Information shown Block Start

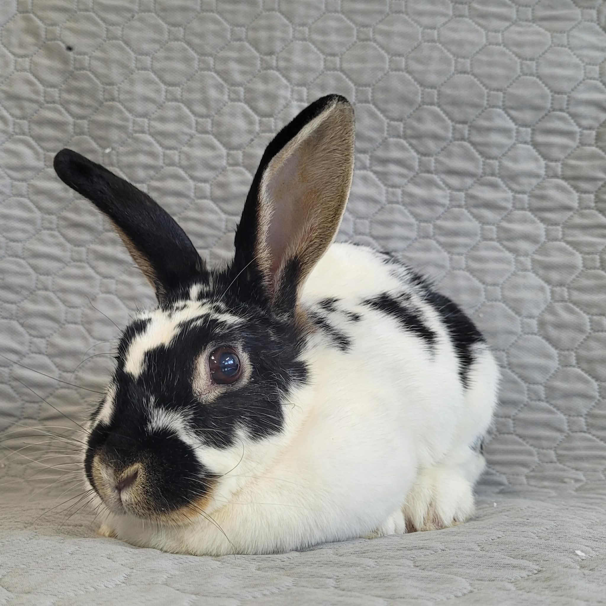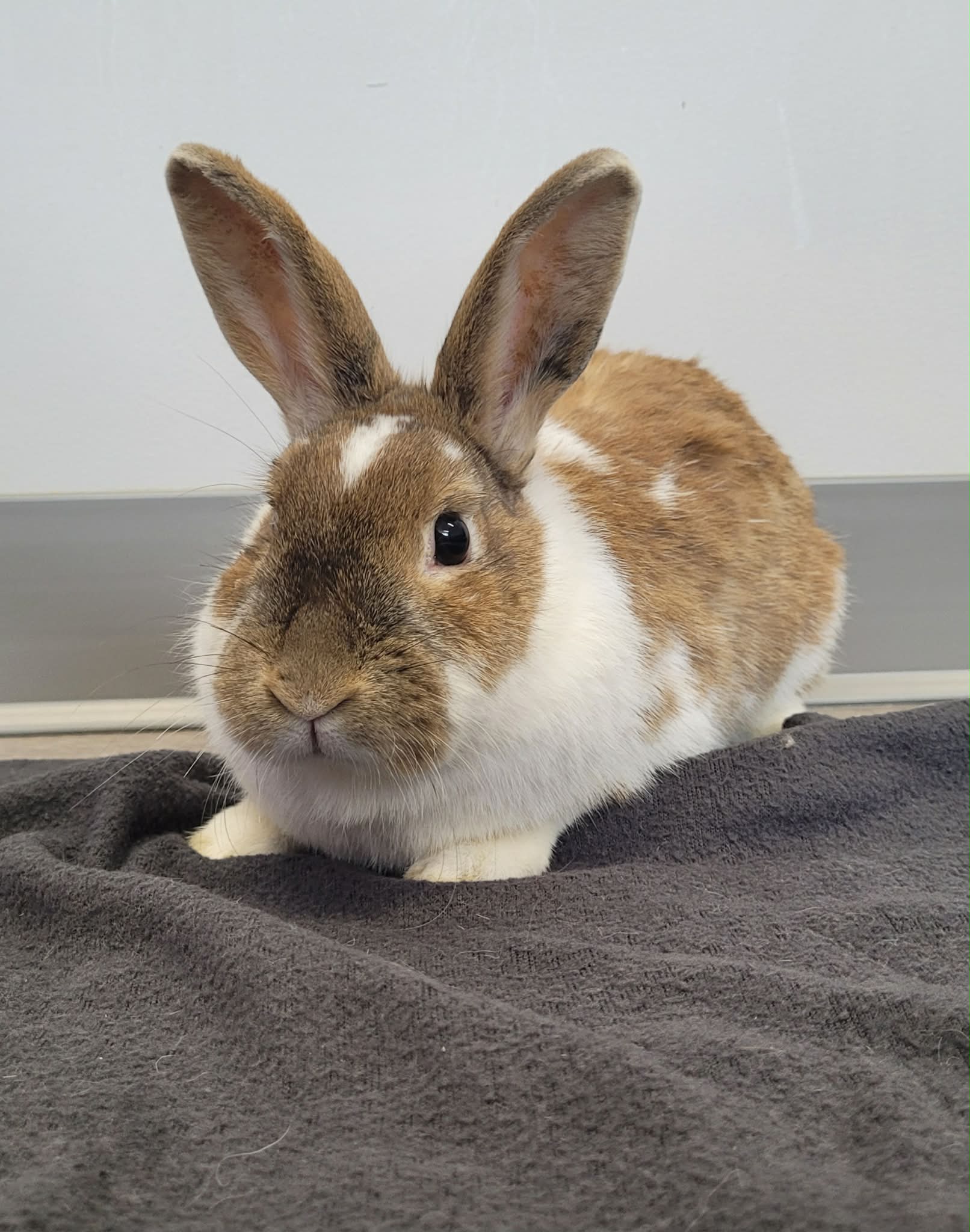 Nous ne connaissons pas sa compatibilité avec les chiens, les chats et les jeunes enfants. Il pourrait vivre avec un autre lapin. Il est propre en litière à 90%.
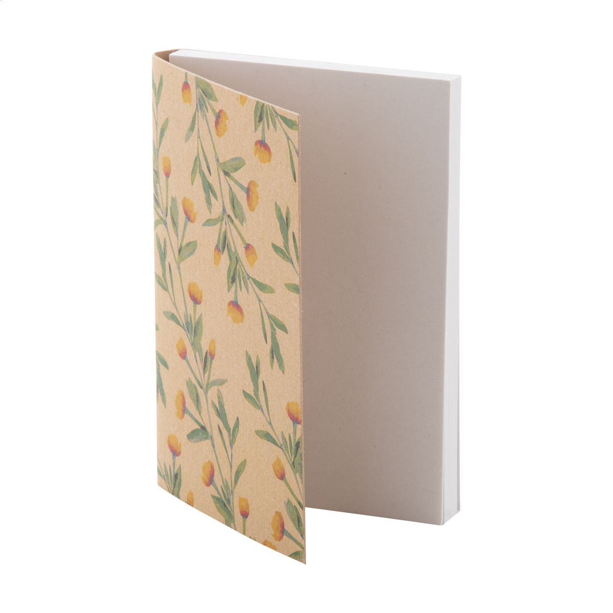 Egyediesíthető, újrahasznosított kraft papírral borított öntapadós jegyzettömb. Tartalmaz 50 újrahasznosított papír öntapadós jegyzetlapot (50×75 mm). Az ár tartalmazza a külső borító full-colour nyomtatását. Minimális rendelési mennyiség: 100 db.
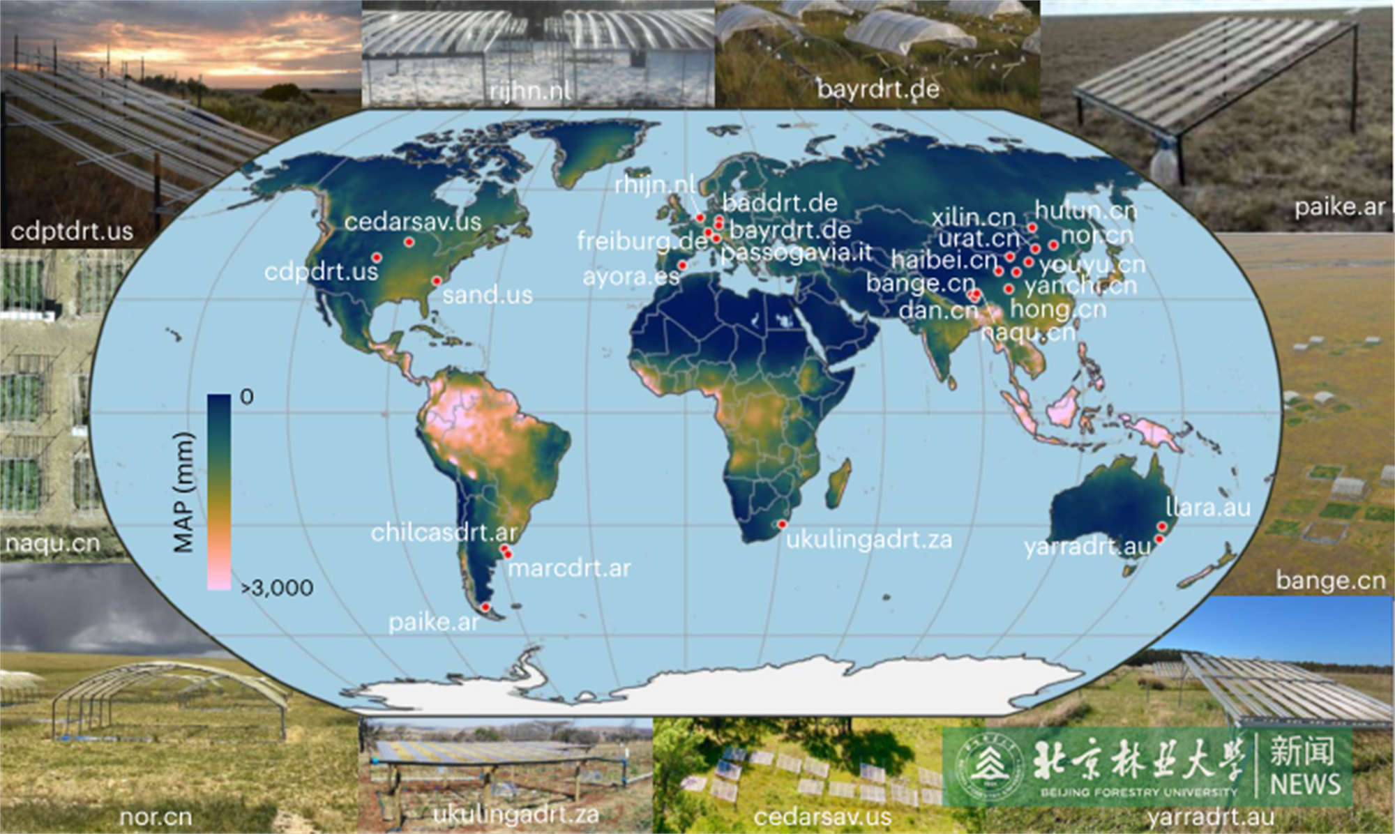 該研究基于NPK-Drought Network (https://www.bayceer.uni-bayreuth.de/npkd/index.php?lang=en),使用了全球9個國家26個地點的實驗數據(圖1),系統評估了干旱和養分添加及其交互作用對草原生態系統生產力的影響。

Information shown Block End

Retype, exactly as written, each line from the one containing "Egyediesíthető, újrahasznosított kraft" through the end of the data above, and leave out every picture.

 Egyediesíthető, újrahasznosított kraft papírral borított öntapadós jegyzettömb. Tartalmaz 50 újrahasznosított papír öntapadós jegyzetlapot (50×75 mm). Az ár tartalmazza a külső borító full-colour nyomtatását. Minimális rendelési mennyiség: 100 db.
 該研究基于NPK-Drought Network (https://www.bayceer.uni-bayreuth.de/npkd/index.php?lang=en),使用了全球9個國家26個地點的實驗數據(圖1),系統評估了干旱和養分添加及其交互作用對草原生態系統生產力的影響。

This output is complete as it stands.